> _Problem statement_
Copy everything in the listing below word for word, apart from any images.

> _Data excerpt_
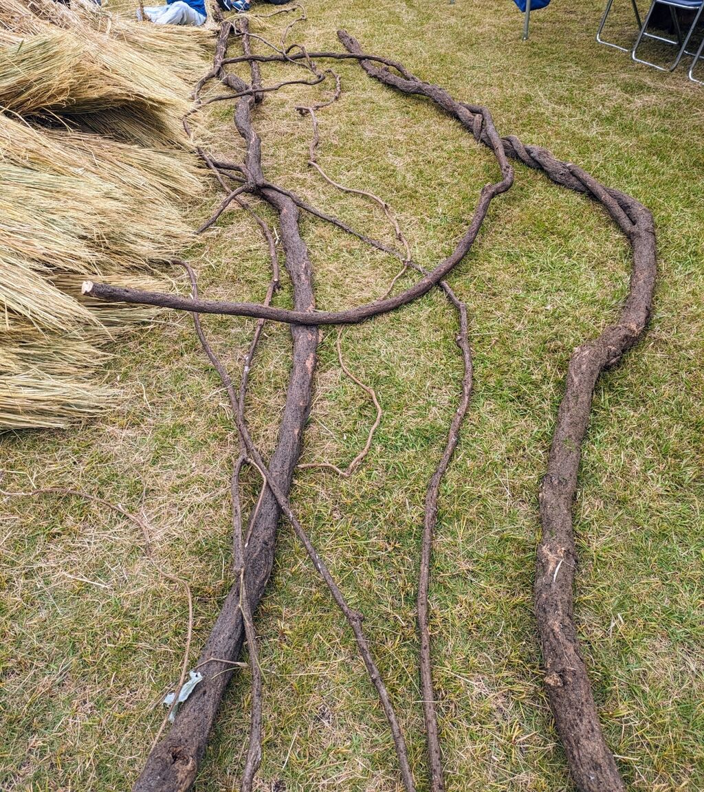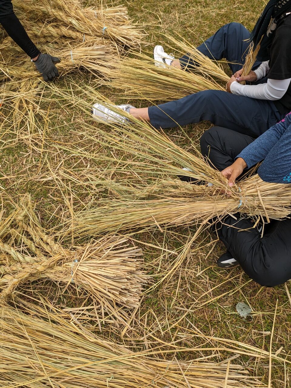 大人かいるところで編む。→編んだ部分を引っ張る(奥)→手前のカズラの芯が大人のところに行く→ワラを編み込む。 の繰り返します。
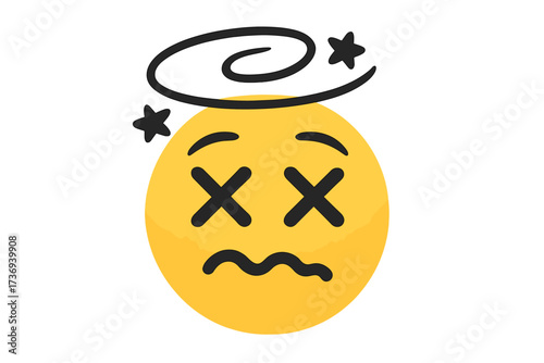 Dizzy emoticon face vector icon. Emoji with crossed X eyes and seeing stars. Concept of knockout, KO, dead, mind blown, confused, sick, headache, vertigo, or unwell.
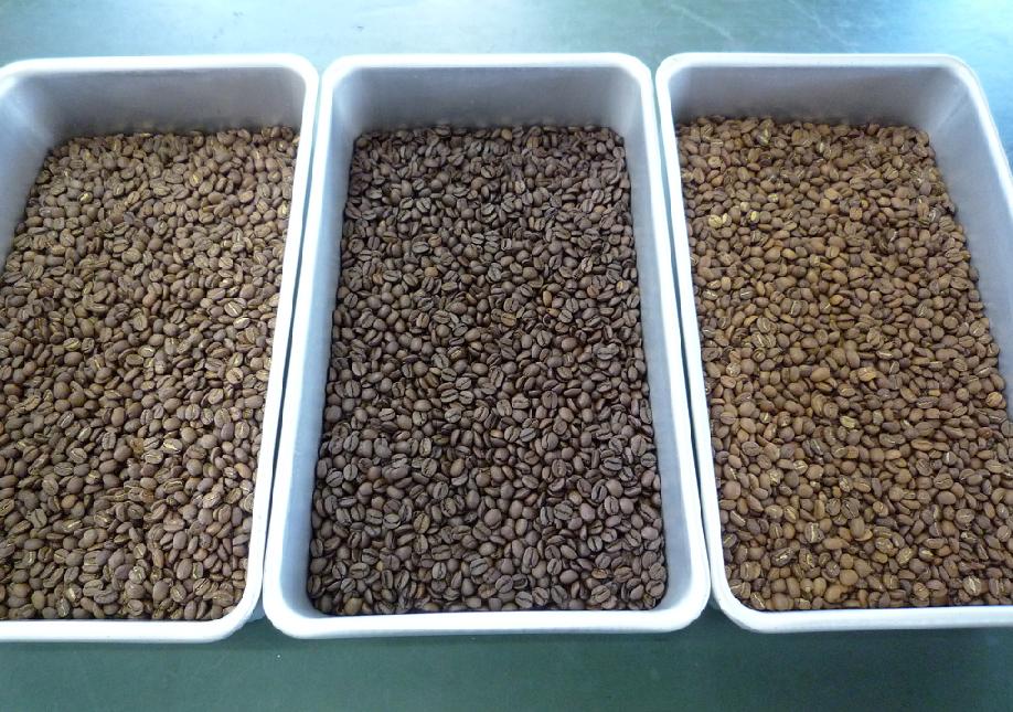 お客様からブレンドにはどんな豆がミックスされていますか?と質問が度々あります。コーヒーの味作りで重要な役割を担っているブレンドに関心を示すお客様が増えている事に嬉しさを感じますが、ブレンドを説明する時に切り離すことが出来ないのが焙煎です。 そこで今日からシリーズで、焙煎にも触れながらブレンドについて説明させて頂きます。コーヒーは、銘柄や産地ごとに味の特徴が違う事は皆さんご存知と思いますが、同じ豆でも焙煎によって味が変る事を知っていますか?一般に浅煎りの酸味から焙煎が深くなるにつれて苦味が強くなって行きます。ですから酸味が特徴のモカは浅煎り、苦味が魅力のマンデリンは深煎りと言う風に、それぞれの個性を最大限に引き出す度合いに焙煎をコントロールします。この焙煎を「単品焙煎」、焙煎後にブレンドする事をアフターミックスと呼び、煎豆屋ではゴールデンブレンドとイタリアンブレンド以外がすべてこの方式です。ブレンド作りは出来上った味をイメージする所から始まり、基本になる豆(主役)と味を調える豆(脇役)が互いの長所を引き出し、欠点を補いながら味の幅と奥行きを広げて行きます。 つづく・・・。写真は、やや深煎りサントス(中央)・浅煎りホンジュラス(右)・中煎りコロンビア(左)です。次回は人気のロイヤルブレンド誕生の秘話です・・・お楽しみに!
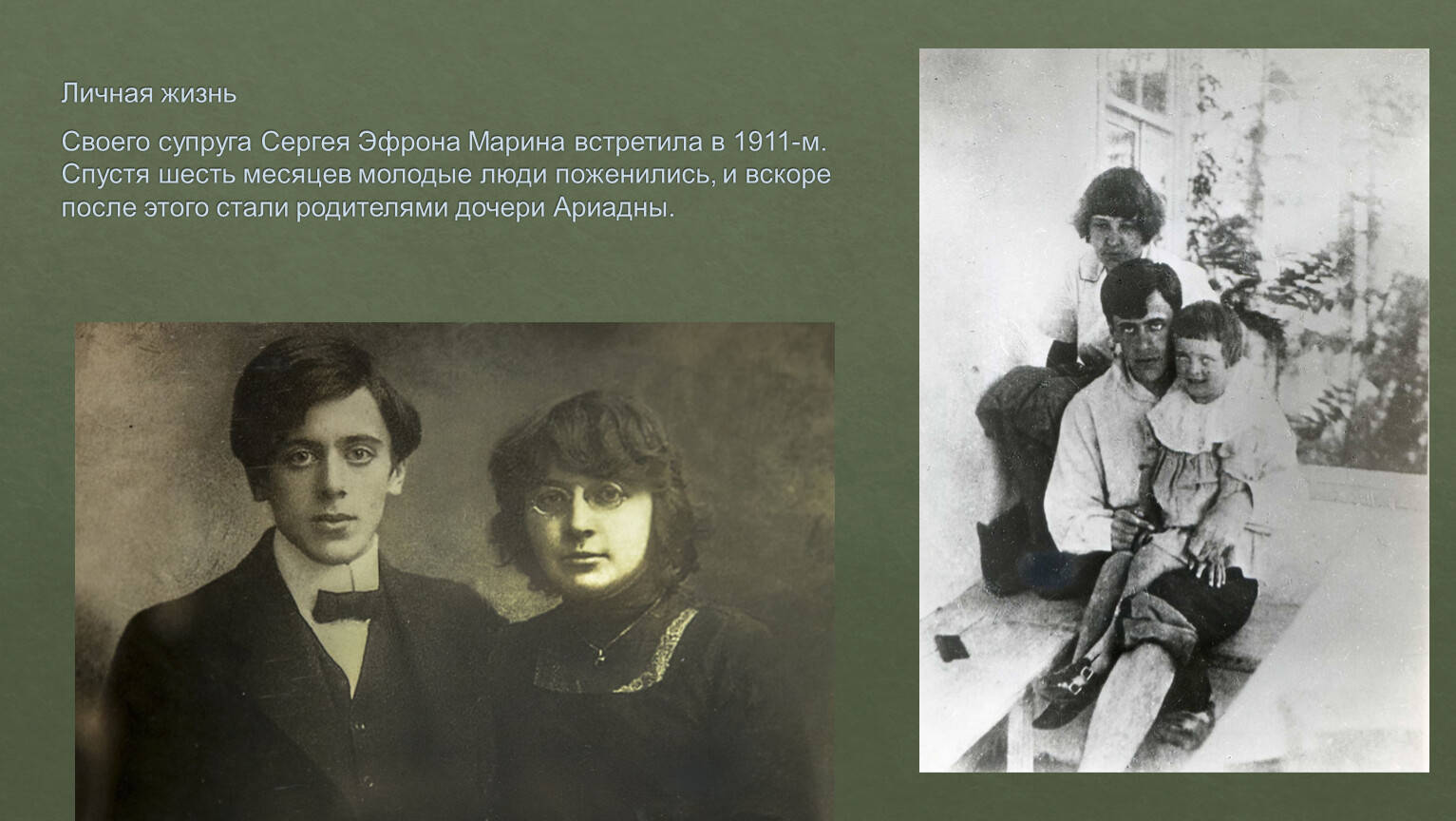 Своего супруга Сергея Эфрона Марина встретила в 1911-м. Спустя шесть месяцев молодые люди поженились, и вскоре после этого стали родителями дочери Ариадны.

> _Answer to this task_
 大人かいるところで編む。→編んだ部分を引っ張る(奥)→手前のカズラの芯が大人のところに行く→ワラを編み込む。 の繰り返します。
 Dizzy emoticon face vector icon. Emoji with crossed X eyes and seeing stars. Concept of knockout, KO, dead, mind blown, confused, sick, headache, vertigo, or unwell.
 お客様からブレンドにはどんな豆がミックスされていますか?と質問が度々あります。コーヒーの味作りで重要な役割を担っているブレンドに関心を示すお客様が増えている事に嬉しさを感じますが、ブレンドを説明する時に切り離すことが出来ないのが焙煎です。 そこで今日からシリーズで、焙煎にも触れながらブレンドについて説明させて頂きます。コーヒーは、銘柄や産地ごとに味の特徴が違う事は皆さんご存知と思いますが、同じ豆でも焙煎によって味が変る事を知っていますか?一般に浅煎りの酸味から焙煎が深くなるにつれて苦味が強くなって行きます。ですから酸味が特徴のモカは浅煎り、苦味が魅力のマンデリンは深煎りと言う風に、それぞれの個性を最大限に引き出す度合いに焙煎をコントロールします。この焙煎を「単品焙煎」、焙煎後にブレンドする事をアフターミックスと呼び、煎豆屋ではゴールデンブレンドとイタリアンブレンド以外がすべてこの方式です。ブレンド作りは出来上った味をイメージする所から始まり、基本になる豆(主役)と味を調える豆(脇役)が互いの長所を引き出し、欠点を補いながら味の幅と奥行きを広げて行きます。 つづく・・・。写真は、やや深煎りサントス(中央)・浅煎りホンジュラス(右)・中煎りコロンビア(左)です。次回は人気のロイヤルブレンド誕生の秘話です・・・お楽しみに!
 Своего супруга Сергея Эфрона Марина встретила в 1911-м. Спустя шесть месяцев молодые люди поженились, и вскоре после этого стали родителями дочери Ариадны.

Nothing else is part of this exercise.